**AIM OF THE EXERCISE:**
For this exercise, copy all the data exactly and include none of the pictures.

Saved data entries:
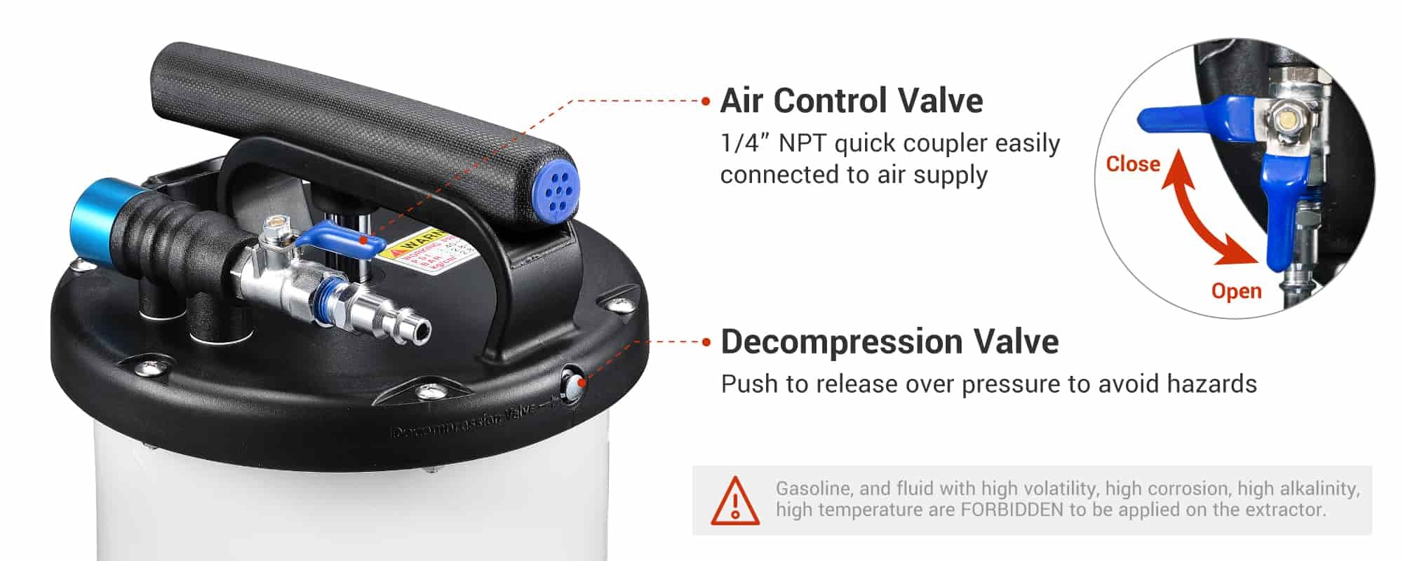 After extracting all the oil, press the decompression valve to release the unit's built-up pressure for 5 seconds.
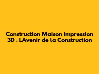 L'Impression 3D : L'Avenir de la Construction ?
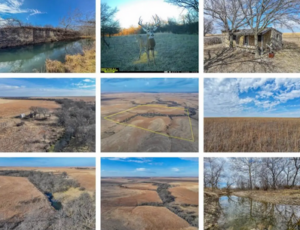 Tues., March 24, 2026 – Cottonwood Falls, KS – live and online real estate auction – 160 acres Chase County Flint Hills pasture, creek & limestone cabin.
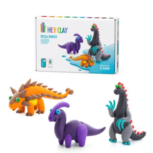 Hey Clay - Modelling Air-Dry Clay with Fun Interactive App - Ankylosaurus, Parasaurolophus, Therizinosaurus, Series Mega Dinos, 6 cans
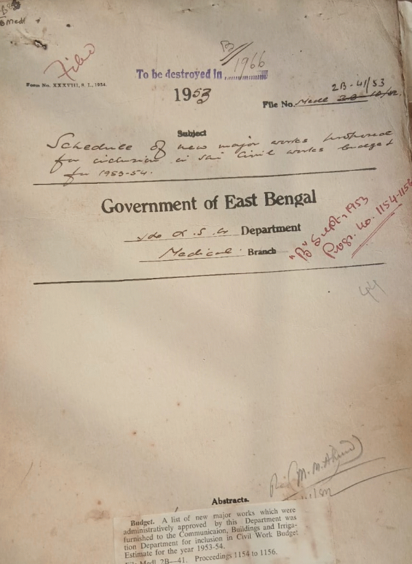 | Rack No. 10, Bundle No. 125 Sl No. 10341 Release of Maqbul Hossain Shaik a criminal lunatic in the D.C.J. | Rack No. 10, Bundle No. 125 Sl No. 10342 Transfer of Funds belongs to Army Units from Pakistan to India. | Rack No. 10, Bundle No. 125 Sl No. 10343 Purchase of furniture for the office of the District Health Officer, Bakarganj. | Rack No. 10, Bundle No. 125 Sl No. 10344 Schedule of new Major works proposed for inclusion in the Civil Works budget for 1953-54. | Rack No. 10, Bundle No. 125 Sl No. 10345 Proposal for continuance of the Double Shift arrangement in the D.M.S. for a future period of one year. | Rack No. 10, Bundle No. 125 Sl No. 10346 Certifying the Market rates by the circle officers for passing the diet bills of the 4 bedded Thana Dispensary | Rack No. 10, Bundle No. 125 Sl No. 10347 Payment of arrear T.A. bill of Dr. N. Talukdar, A/S. Sadar Hospital Dinajpur. |
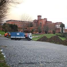 Pistoletazo de salida para la ampliación del Hospital de Jove. Tras una dilatada espera para hacerse con la preceptiva licencia de obras por parte del Ayuntamiento de Gijón, el centro concertado inició esta semana los trabajos que harán posible ampliar y reformar un edificio sanitario con más de doscientos años de historia. Desde principios de semana, camiones, grúas y casetas de materiales han pasado a formar parte del paisaje de Jove. Será así durante 36 meses que es el tiempo que se estima durará el desarrollo de esta actuación que cambiará por completo la cara del hospital. Y lo hará tanto por fuera como por dentro.
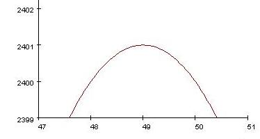,即隨著n的值改變,f(n)的值也作相應變化。由於f(n)是一個二次多項式函數,而且其二次項系數取負值,所以其圖象是一條開口向下的拋物線。這條拋物線存在一個最高點,這個最高點的y坐標和x坐標就是我們所求的最大值和相應的n的值。接著下來我們可以繪出f(n)的圖象並求這個最大值。以下筆者使用一個數學運算軟件繪出f(n)的圖象,並對近最大值處作局部放大:
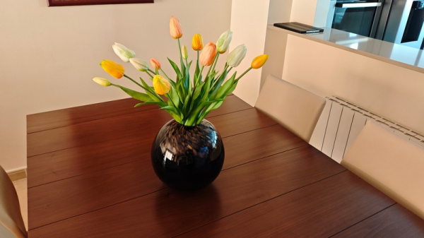 Вот изображение, на котором ваза с цветами убрана со стола:
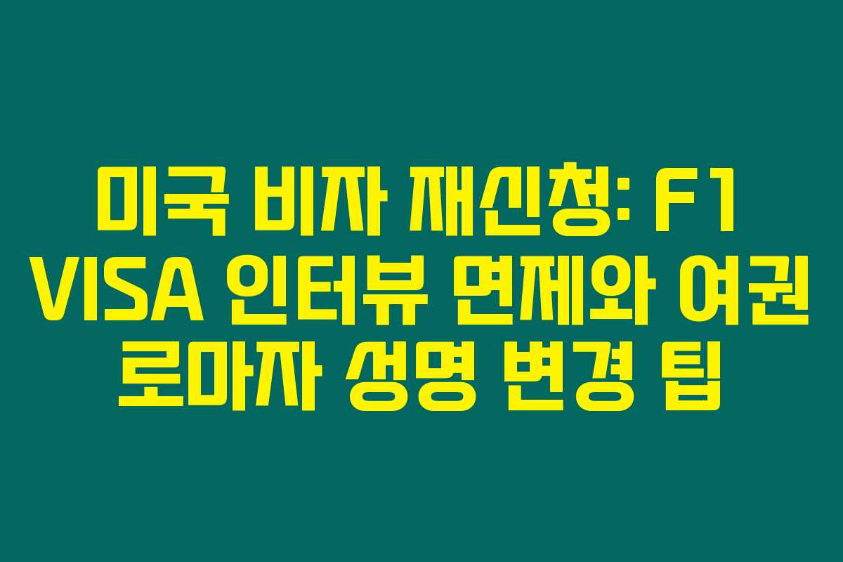 제가 경험해본 바로는, 미국 비자 재신청 과정은 생각보다 복잡할 수 있습니다. 특히 F1 비자를 재신청하려는 학생들의 경우, 인터뷰 면제 조건이나 여권의 로마자 성명 변경 문제 등 여러 가지를 고려해야 합니다. 여권을 빨리 받기 위한 팁까지 정리해봤으니, 아래를 읽어보시면 도움이 될 것 같아요.
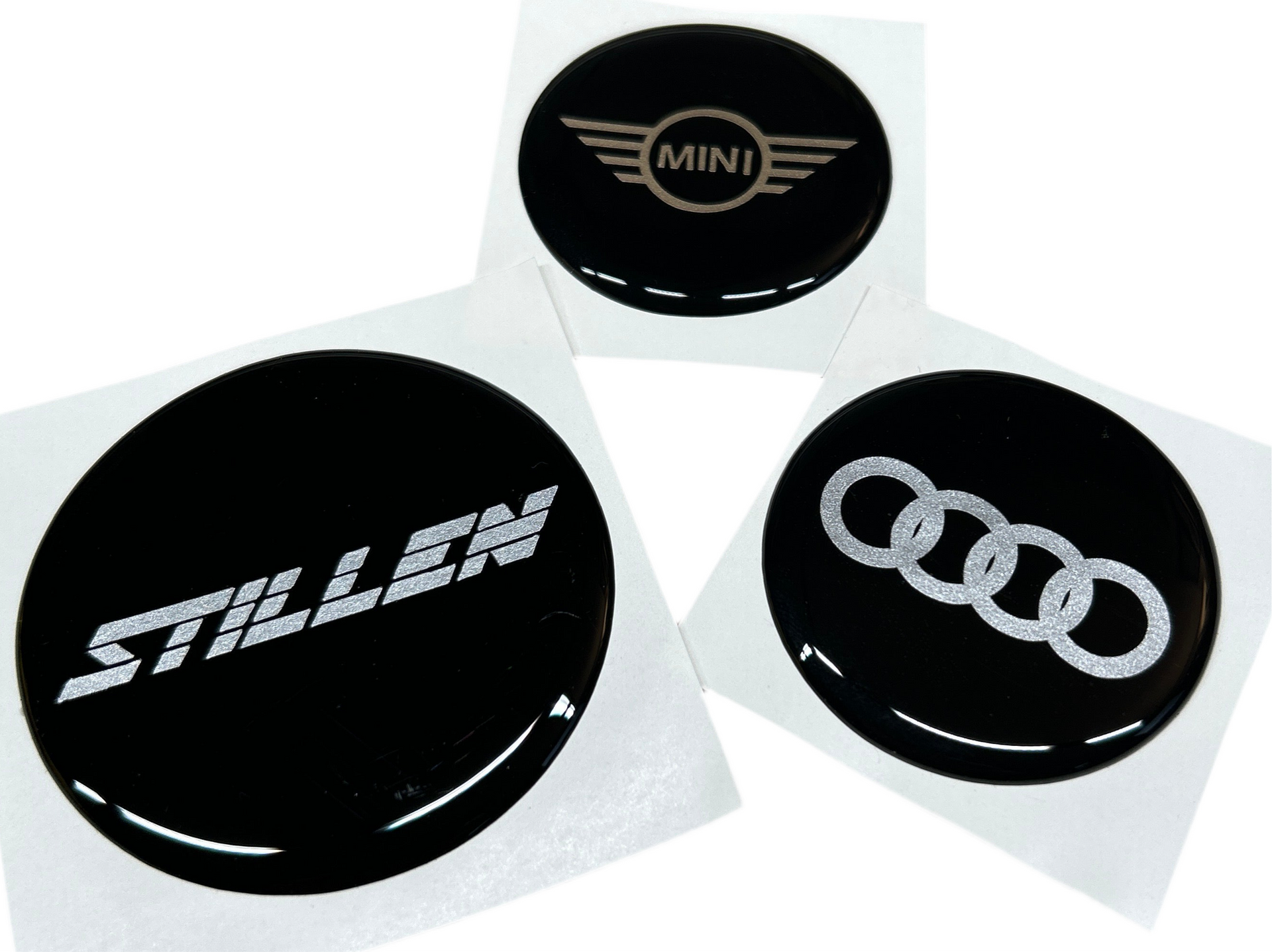 ⚠️ The surface of your center caps must be completely flat for proper adhesion and the resin needs to be heated up with a hair dryer or heat gun before applying them to your caps.
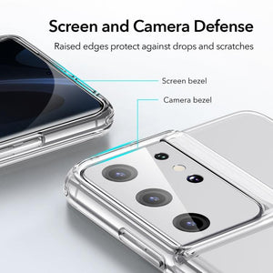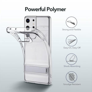 Samsung Galaxy S21 Ultra 5G ESR Air Shield Boost Shockproof PC Back + Flexible Bumper Protective Case Cover with Metal Holder (Clear White)

**ANSWER AREA:**
 After extracting all the oil, press the decompression valve to release the unit's built-up pressure for 5 seconds.
 L'Impression 3D : L'Avenir de la Construction ?
 Tues., March 24, 2026 – Cottonwood Falls, KS – live and online real estate auction – 160 acres Chase County Flint Hills pasture, creek & limestone cabin.
 Hey Clay - Modelling Air-Dry Clay with Fun Interactive App - Ankylosaurus, Parasaurolophus, Therizinosaurus, Series Mega Dinos, 6 cans
 | Rack No. 10, Bundle No. 125 Sl No. 10341 Release of Maqbul Hossain Shaik a criminal lunatic in the D.C.J. | Rack No. 10, Bundle No. 125 Sl No. 10342 Transfer of Funds belongs to Army Units from Pakistan to India. | Rack No. 10, Bundle No. 125 Sl No. 10343 Purchase of furniture for the office of the District Health Officer, Bakarganj. | Rack No. 10, Bundle No. 125 Sl No. 10344 Schedule of new Major works proposed for inclusion in the Civil Works budget for 1953-54. | Rack No. 10, Bundle No. 125 Sl No. 10345 Proposal for continuance of the Double Shift arrangement in the D.M.S. for a future period of one year. | Rack No. 10, Bundle No. 125 Sl No. 10346 Certifying the Market rates by the circle officers for passing the diet bills of the 4 bedded Thana Dispensary | Rack No. 10, Bundle No. 125 Sl No. 10347 Payment of arrear T.A. bill of Dr. N. Talukdar, A/S. Sadar Hospital Dinajpur. |
 Pistoletazo de salida para la ampliación del Hospital de Jove. Tras una dilatada espera para hacerse con la preceptiva licencia de obras por parte del Ayuntamiento de Gijón, el centro concertado inició esta semana los trabajos que harán posible ampliar y reformar un edificio sanitario con más de doscientos años de historia. Desde principios de semana, camiones, grúas y casetas de materiales han pasado a formar parte del paisaje de Jove. Será así durante 36 meses que es el tiempo que se estima durará el desarrollo de esta actuación que cambiará por completo la cara del hospital. Y lo hará tanto por fuera como por dentro.
,即隨著n的值改變,f(n)的值也作相應變化。由於f(n)是一個二次多項式函數,而且其二次項系數取負值,所以其圖象是一條開口向下的拋物線。這條拋物線存在一個最高點,這個最高點的y坐標和x坐標就是我們所求的最大值和相應的n的值。接著下來我們可以繪出f(n)的圖象並求這個最大值。以下筆者使用一個數學運算軟件繪出f(n)的圖象,並對近最大值處作局部放大:
 Вот изображение, на котором ваза с цветами убрана со стола:
 제가 경험해본 바로는, 미국 비자 재신청 과정은 생각보다 복잡할 수 있습니다. 특히 F1 비자를 재신청하려는 학생들의 경우, 인터뷰 면제 조건이나 여권의 로마자 성명 변경 문제 등 여러 가지를 고려해야 합니다. 여권을 빨리 받기 위한 팁까지 정리해봤으니, 아래를 읽어보시면 도움이 될 것 같아요.
 ⚠️ The surface of your center caps must be completely flat for proper adhesion and the resin needs to be heated up with a hair dryer or heat gun before applying them to your caps.
 Samsung Galaxy S21 Ultra 5G ESR Air Shield Boost Shockproof PC Back + Flexible Bumper Protective Case Cover with Metal Holder (Clear White)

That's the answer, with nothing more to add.